[SciPy-Dev] Graph shortest path
Ralf Gommers
ralf.gommers at googlemail.com
Thu Dec 22 12:19:27 EST 2011
On Wed, Dec 21, 2011 at 9:20 AM, Jacob VanderPlas <
vanderplas at astro.washington.edu> wrote:
>
>
> Ralf Gommers wrote:
> >
> >
> > On Wed, Dec 21, 2011 at 1:59 AM, Aric Hagberg <aric.hagberg at gmail.com
> > <mailto:aric.hagberg at gmail.com>> wrote:
> >
> > On Tue, Dec 20, 2011 at 12:06 AM, Gael Varoquaux
> > <gael.varoquaux at normalesup.org
> > <mailto:gael.varoquaux at normalesup.org>> wrote:
> > > On Mon, Dec 19, 2011 at 08:38:07PM -0700, Aric Hagberg wrote:
> > >> There are some that I would definitely agree are useful in
> > SciPy (or
> > >> in a very SciPy sparse friendly NetworkX class?).

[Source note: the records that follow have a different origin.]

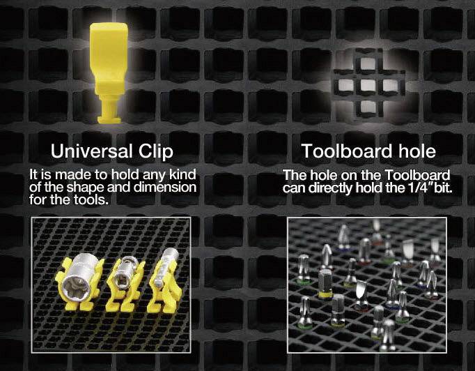 1x kleine Lochplattenwand + 6x 50 mm Plastikhaken + 6x Universal-Clip
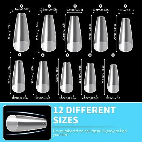 - Individually numbered sizes 0-11 to ensure a precise fit for every nail, with the ability to trim to desired length.
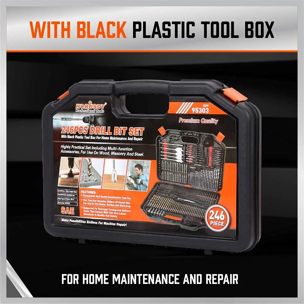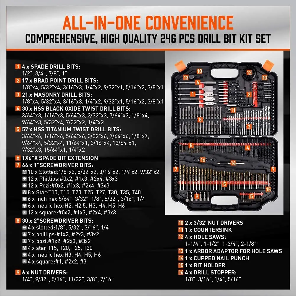 ·COMPREHENSIVE COLLECTION - Boasting 246 pieces, this drill bit set includes a variety of tools for drilling in wood, metal, and cement. The set is ideal for both professionals and DIY enthusiasts.
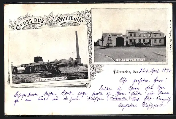 AK Pömmelte, Gasthof zur Eiche, Zeche Neue Hoffnung
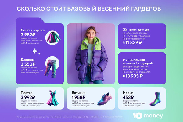 Аналитики кошелька ЮMoney и аналитического центра «Чек Индекс» компании «Платформа ОФД» изучили тренды продаж одежды и выяснили, сколько стоит собрать базовый весенний гардероб. Эксперты проанализировали онлайн- и офлайн-платежи в категории одежды и аксессуаров с 1 по 15 марта 2025 года и сравнили полученные данные с прошлогодними.
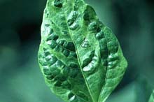 Atacul apare pe frunze, unde pe partea superioara se produc pete decolorate iar
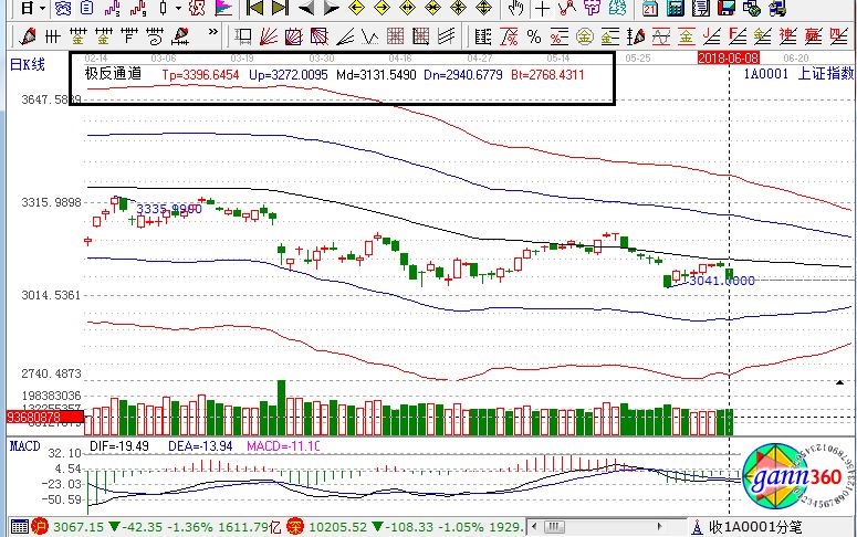 滬指跌1.36%,報收3067點;深成指跌1.05%,報收10205點;創業板跌1.09%,報收1711點。從盤面上看,小米概念、富士康概念、無人零售、5G、細胞免疫治療、半導體等少數板塊上漲,分散染料、證券、煤炭、有色、草甘膦、自由貿易港等板塊下跌。全天,滬股通凈流出6.8億元,深股通凈流入16億元。相應的極反通道指標的支撐壓力提示,如下圖所示:
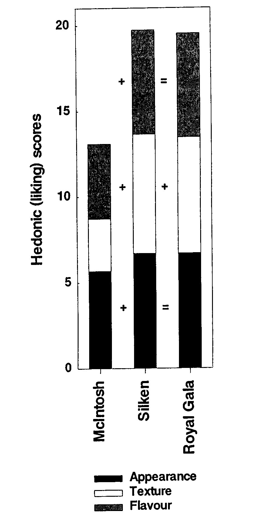Как видно из рисунка, Силкен получил такую же высокую оценку как Гала по внешнему виду и текстуре мякоти, но превзошел ее по вкусу. Макинтош был добавлен для сравнения в 1996-1997 гг. Силкен превзошел его в оценке внешнего вида, текстуры мякоти и вкуса. Силкен также превзошел сорт Санрайз по оценке текстуры и внешнего вида в сравнительных дегустациях 1995 г. (данные не приводятся).
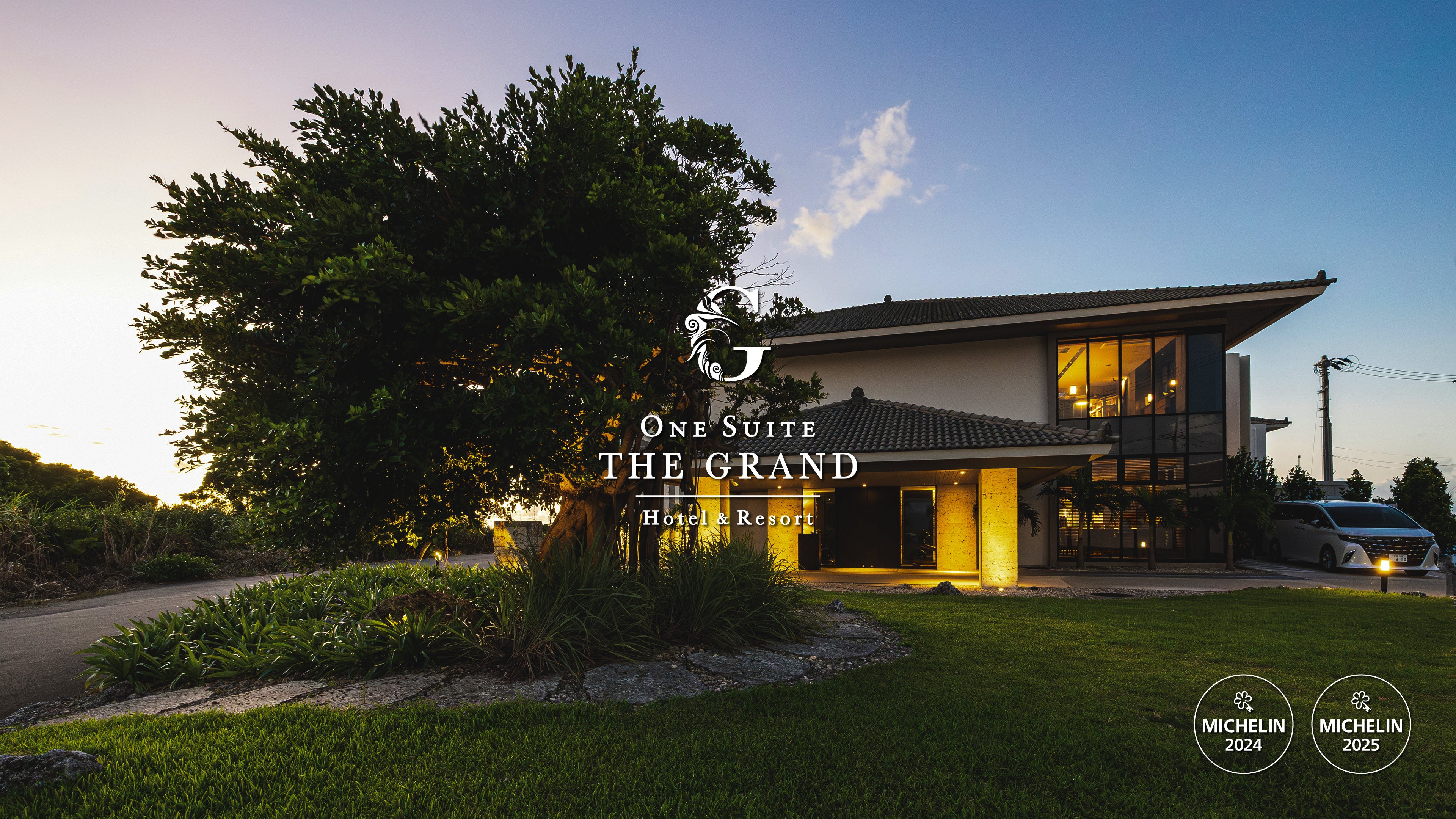 One Suite THE GRANDは、沖縄本島北部にある古宇利島の海抜約100メートルの丘の上に2021年7月に開業した、東シナ海の絶景が広がる全客室オーシャンビューのスモールラグジュアリーホテルで、ミシュランガイドの定める基準により2024年より2年連続で「1ミシュランキーホテル」に認定されました。

For example
> > I don't
> > >> think there is a (reverse) Cuthill-McKee ordering algorithm in
> > SciPy.
> > >> I implemented one using NetworkX
> > >>
> >
> https://networkx.lanl.gov/trac/browser/networkx/networkx/utils/rcm.py
> > >> but it would be great to have one that worked directly on a
> > SciPy sparse matrix.
> > >
> > > Yes, RCM is a good example. PyAMG had to implement one for
> > linear-algebra
> > > purposes.
> > >
> > >> If any other SciPy folks want to explore the possibilites of
> > >> high-performance graph algorithms that work directly on sparse
> > matrices
> > >> I'm interested and would be willing to help with design and code.
> > >
> > > Would you rather see these algorithms living in scipy or
> > networkX? If
> > > scipy was to grow a small set of graph-based algorithms, would
> > you use
> > > them in networkX?
> >
> > I would certainly consider using any algorithms developed in SciPy as
> > part of NetworkX. We already use SciPy for some of the linear
> algebra
> > operations (like computing PageRank).
> >
> > If we could develop a NetworkX graph class that simply and
> efficiently
> > used SciPy sparse matrices for the data-store and implemented the
> API,
> > then it might make sense for the algorithms to live in NetworkX.
> >
> >
> > This only makes sense if other libraries are prepared to add a
> > dependency on NetworkX. Is that the case?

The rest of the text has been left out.